Top of Excerpted records

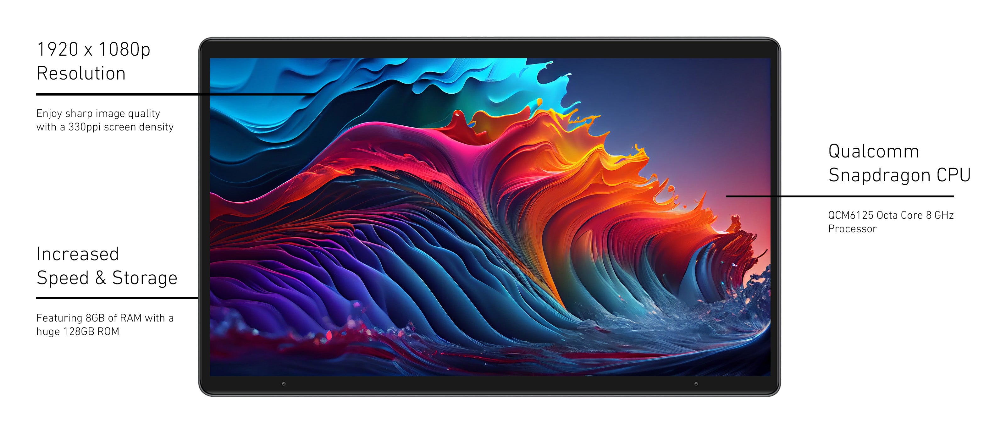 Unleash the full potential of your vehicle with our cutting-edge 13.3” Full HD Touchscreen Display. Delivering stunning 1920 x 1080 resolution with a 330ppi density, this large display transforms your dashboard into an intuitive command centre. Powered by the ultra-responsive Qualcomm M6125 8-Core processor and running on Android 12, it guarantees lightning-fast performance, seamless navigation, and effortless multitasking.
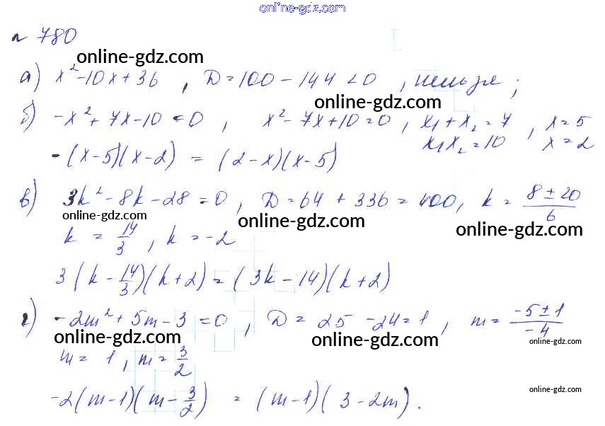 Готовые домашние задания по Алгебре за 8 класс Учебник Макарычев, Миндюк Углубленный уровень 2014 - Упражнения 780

Bottom of Excerpted records
Top of Excerpted records

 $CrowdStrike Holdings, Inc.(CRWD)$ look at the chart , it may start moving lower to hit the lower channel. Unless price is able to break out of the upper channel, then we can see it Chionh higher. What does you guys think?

Bottom of Excerpted records

Work instruction ->
From the records above, give again only the part that opens with the line containing "Unleash the full" and closes with the line containing "Готовые домашние задания". Keep both ends but drop the pictures.

Output of the exercise ->
 Unleash the full potential of your vehicle with our cutting-edge 13.3” Full HD Touchscreen Display. Delivering stunning 1920 x 1080 resolution with a 330ppi density, this large display transforms your dashboard into an intuitive command centre. Powered by the ultra-responsive Qualcomm M6125 8-Core processor and running on Android 12, it guarantees lightning-fast performance, seamless navigation, and effortless multitasking.
 Готовые домашние задания по Алгебре за 8 класс Учебник Макарычев, Миндюк Углубленный уровень 2014 - Упражнения 780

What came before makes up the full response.